The survey of business activity compiled from reports from the
Fed's 12 regional banks was the latest indication of what Federal
Reserve chairman Alan Greenspan termed a "soft patch"
developing in the economy in June.
In another sign of softness, the Commerce Department reported Wednesday
that orders to U.S. factories for big-ticket durable goods eked
out a small 0.7 per cent gain in June, reflecting a surge in demand
for military aircraft, following back-to-back declines in orders
in April and May.
The Fed's report, known as the beige book for the colour of its
cover, will be used when central bank policy-makers meet on Aug.
10 to decide whether to raise interest rates to make sure that inflation
does not get out of hand.
The new survey found that wholesale prices, especially of such
commodities as energy, steel and cement, were rising but that little
of those price pressures outside of energy were being passed on
to consumers.
Because consumer prices outside of energy have remained moderate,
most analysts believe the Fed will stick to its plan to raise rates
at a moderate pace in coming months. They are forecasting another
quarter-point increase in the federal funds rate at the August meeting.
The Fed raised the funds rate for the first time in four years on
June 30.
The Fed survey depicted an economy that was continuing to rebound
from a sustained period of sluggishness that included the 2001 recession
and weak unemployment growth that lasted until mid-2003.
However, the Fed report found, as have other indicators, that activity
slowed a bit in the late spring.
"Several districts reported that the rate of growth moderated,"
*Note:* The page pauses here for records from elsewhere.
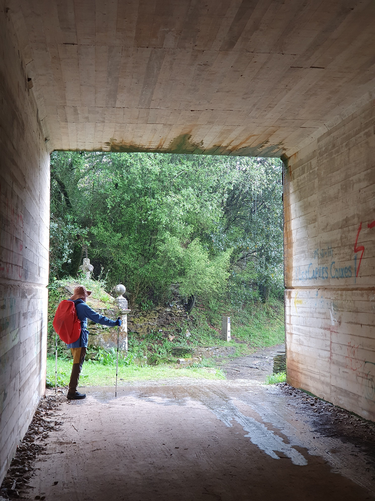 얼마를 걸었을까? 진창길을 피해 걷느라 신경이 쓰인다. 생각해 보니 우리 등산화는 발이 편하고 방수도 잘되어 눈길과 빗길을 오래 걷고 난 뒤에도 발이 젖지 않고 물집 한 번 잡힌 적 없으니 참 고마운 신발이다. 이런저런 생각을 하며 걷는데 또 한차례 먹구름이 지나가며 소낙비를 뿌린다. 마침 굴다리가 있어 비도 긋고 다리도 쉬어간다. 비가 그쳐 마침 지나가는 학생 순례단의 뒤를 따른다. 재잘거리고 장난을 치는 아이들의 발걸음이 더욱 경쾌하다. 오 페드로우스(O Pedrouzo) 마을이 나오고, 학생들은 오늘 이곳에서 머물기 위해 숙소로 향한다. 우리는 쉬지 않고 내쳐 걷는다.
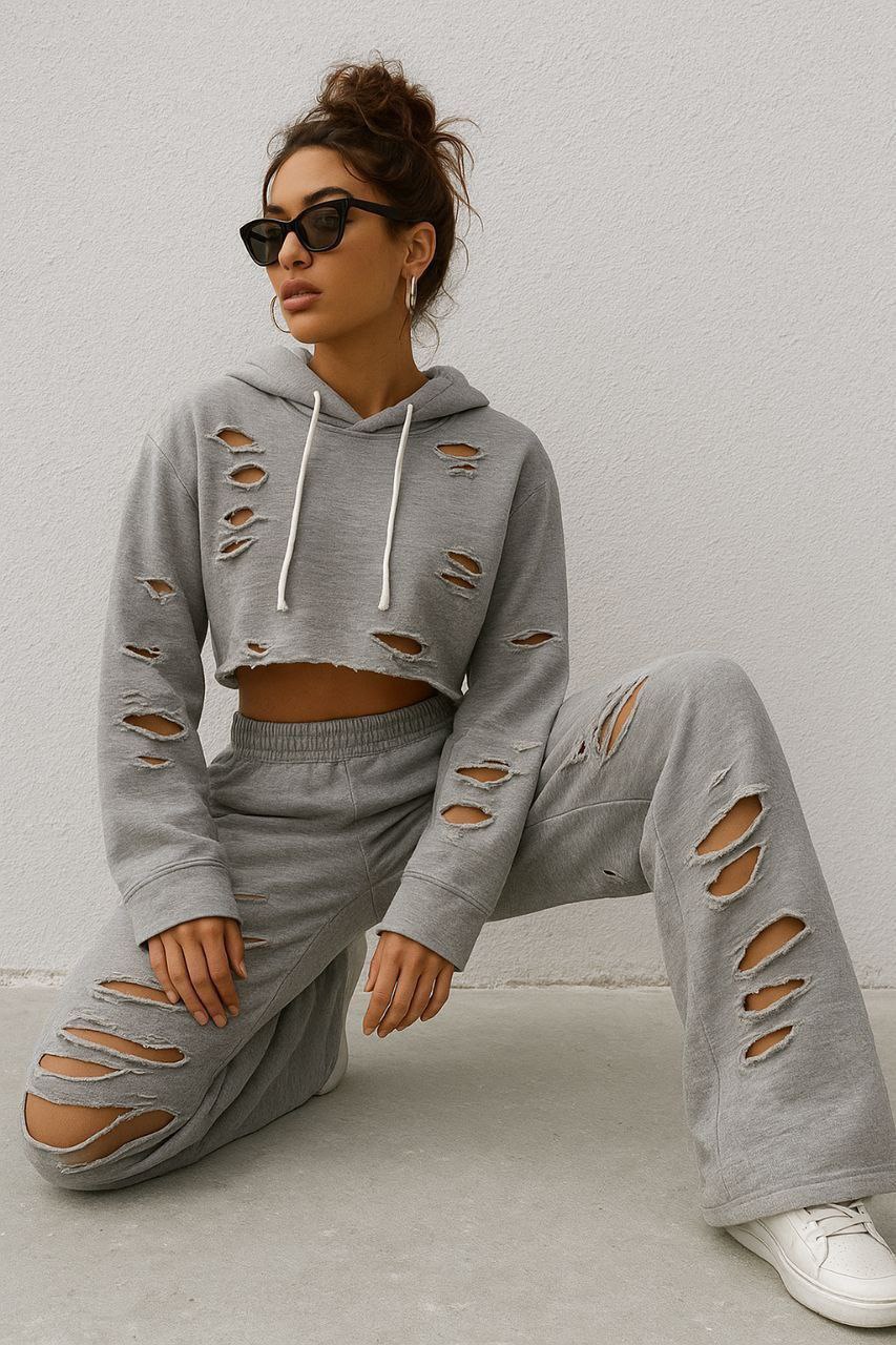 ست کراپ و شلوار قانریپ نواردوزی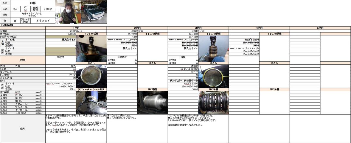 前回からだいぶ空きましたがオイルカルテに追記しておきます。
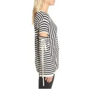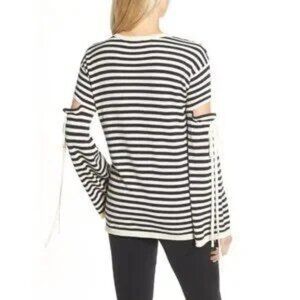Trouve Black and Cream Striped Pullover Crew Neck Sweater with Cutout Sleeves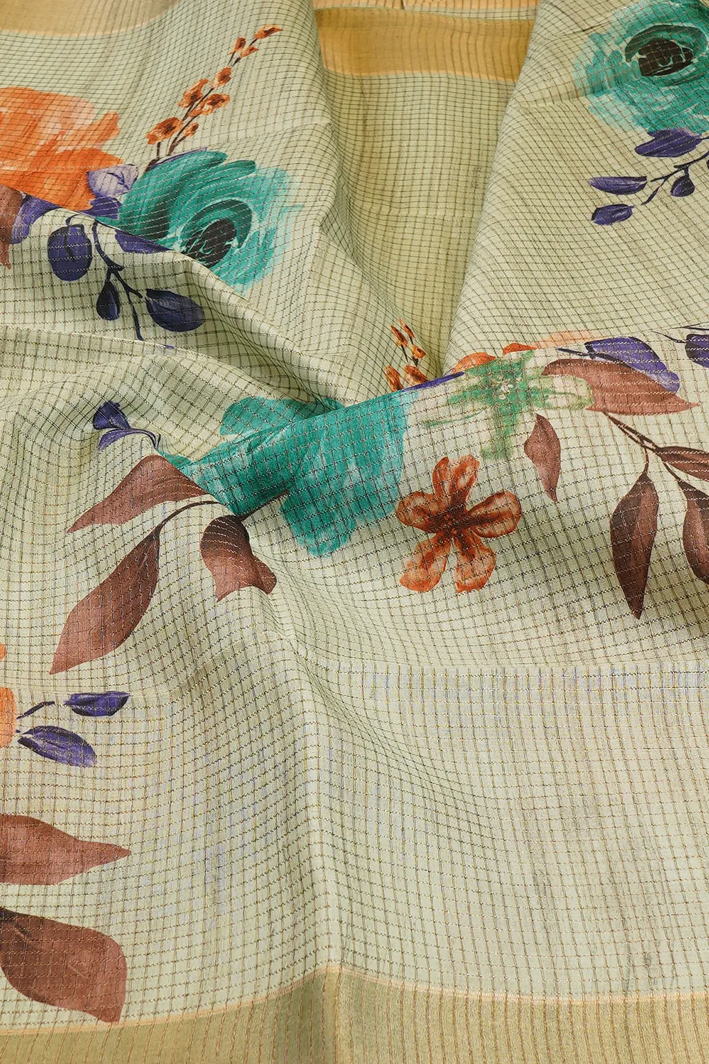 Mint Green Pastel Floral Semi Tussar Silk Saree

the Fed survey said, listing New York, Cleveland, Richmond, Kansas
City and San Francisco in particular as regions that detected a
slowdown in activity.
Much of the weakness was attributed to a slowing in consumer spending,
particularly on autos. However, the Fed report said there were "pockets
of weakness" in manufacturing as well.
The Fed survey depicted travel and tourism, hit hard after the
2001 terrorist attacks, as "strong" and said that residential
construction remained healthy as well despite the fact that mortgage
rates are now up from their four-decade lows.
The June gain in orders for durable goods, items expected to last
three or more years, followed declines of 0.9 per cent in May and
2.7 per cent in April. The drop in May had originally been reported
as an even sharper 1.8 per cent fall. Orders last rose in March,
when they surged ahead by 5.9 per cent.
The 0.7 per cent June increase was lower than what analysts had
been expecting. Still, it gave hope that the fledgling rebound in
the country's manufacturing sector was not in danger of stalling.
Joel Naroff, head of a Holland, Pa., economic forecasting firm,
said the small rise in June durable goods orders was disappointing,
with many sectors that had been leading the recovery showing weakness.
"This was another in a long string of soft June numbers,"
Naroff said. "I suspect the June weakness is nothing to get
really worried about. The economy is growing, but now the breakneck
pace has become a moderate, but sustainable rate."